Доктор Беккет добавил что-то в блокнот, положил его в карман плаща и сказал:
– Мистеру Марксу в его душевном состоянии нужны гомеопатические шарики.
От этих слов на глазах у Ленхен выступили слезы. Что только подтвердило диагноз врача, ибо чувство говорило ему: Ленхен не только кормит мистера Маркса, но и довольно хорошо его знает.
– Я поищу нужное лекарство и постараюсь как можно скорее принести. Мне нужно кое-что уточнить. А вам необходимо больше спать. Иначе вы станете следующим моим пациентом. Можно в завершение я кое о чем спрошу?
Ленхен, всхлипнув, кивнула.
– Что вы имели в виду, говоря, что в этой семье не хватает Бога?
– Ах, – вырвалось у Ленхен, и она умолкла, продолжив лишь после некоторого раздумья: – Знаете, господин доктор, немного религиозности не повредило бы. При всех этих несчастьях! Когда нет вообще никакой надежды, на сердце становится так холодно.
Доктор Беккет поморщил нос.
– Вы хотите сказать, после смерти?
– Да, именно. И я совершенно не уверена, что в данном случае, то есть в своих воззрениях на религию, он прав. – Вдруг Ленхен посмотрела доктору прямо в глаза. – Для меня мучительно отсутствие надежды, особенно теперь, когда мы постарели. – После паузы, аккуратно сложив носовой платок, хотя по бледному лицу все текли слезы: – Небо пустое. Так однажды сказал Мавр. Если так, мне кажется, тогда это еще хуже, чем ад.
Беккету захотелось обнять эту женщину, такая она была грустная. Опустив глаза, Ленхен прошептала:
– Немного страха Божьего Мавру тоже не повредило бы.
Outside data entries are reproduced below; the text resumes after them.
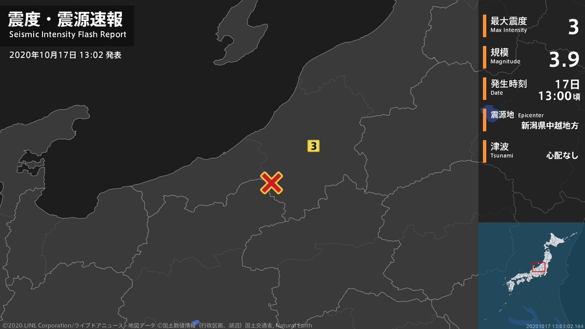 【震度・震源速報 2020年10月17日】 13時0分頃、新潟県中越地方を震源とする地震がありました。震源の深さは約10km、地震の規模はM3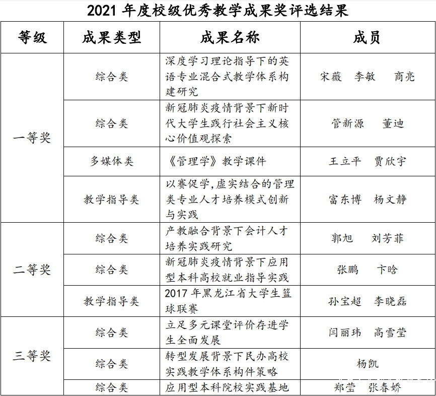教学成果一等奖 4 项、二等奖 3 项、三等奖 7 项。按规定公示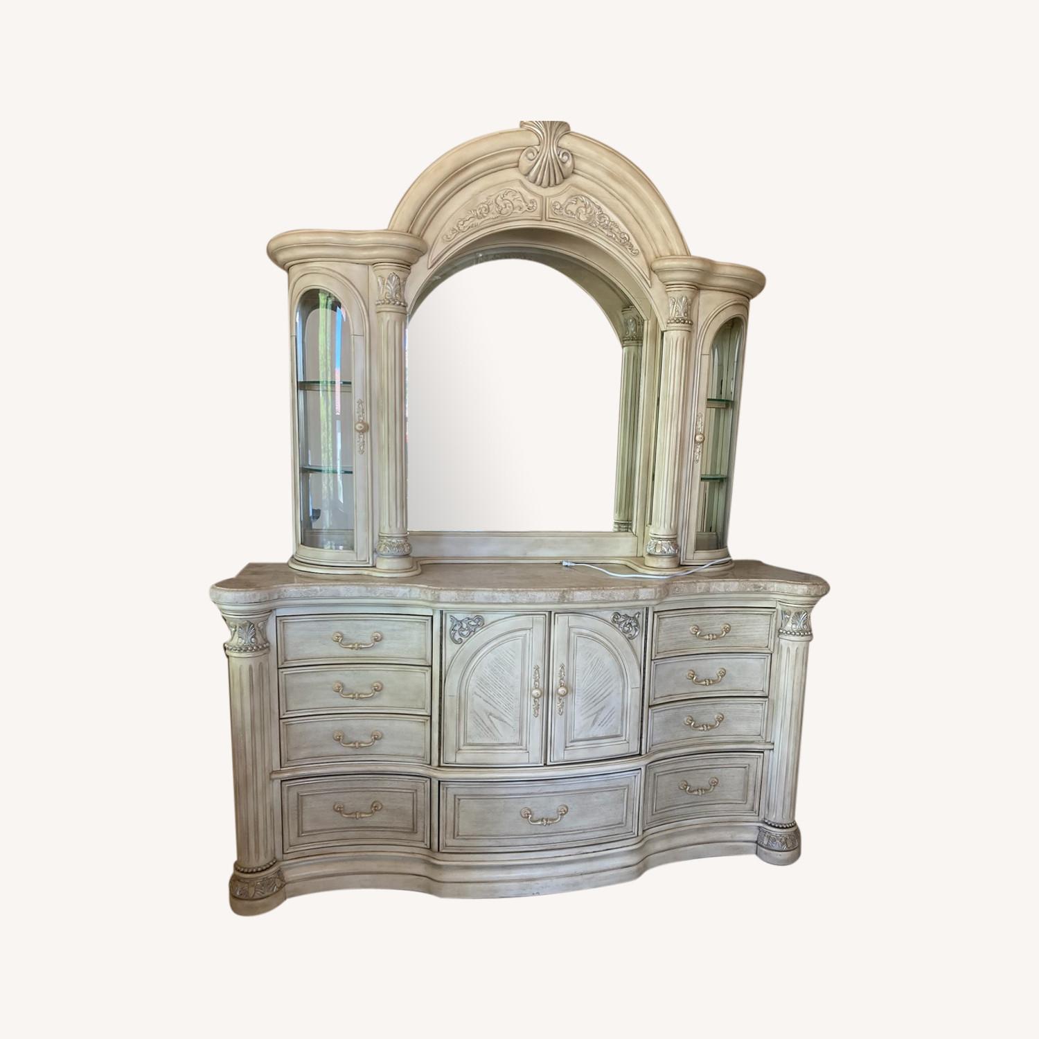 Seller's Notes:Michael Amini furniture collection solid wood with marble top dresser with 11 drawers including double door storage area came with ‘ monte Carlo’ bedroom set barely used in excellent condition color is “ silver snow’ it’s a Beautiful Mediterranean design creamy color will take best offer there’s a picture of the Michael Amimi symbol on inside of drawers

Доктор решил на сегодня этим удовольствоваться и простился.
Врач без Бога
Пожалуй, фигурой доктор Беккет походил скорее на кипарис, чем на лиственницу. По крайней мере, когда надевал под свой темный тренчкот черные, узкого покроя брюки, а на голову – серую шляпу, покрывавшую светлые рыжеватые волосы. Самому ему, несомненно, больше понравилось бы сравнение с кипарисом, так как он любил Италию и уже несколько раз там бывал.
О том, как выглядит Мозель, доктор имел самые смутные представления. Пожалуй, во время следующей поездки на континент он посетит этот винный край. Хотя бы ради филе под соусом «Рислинг».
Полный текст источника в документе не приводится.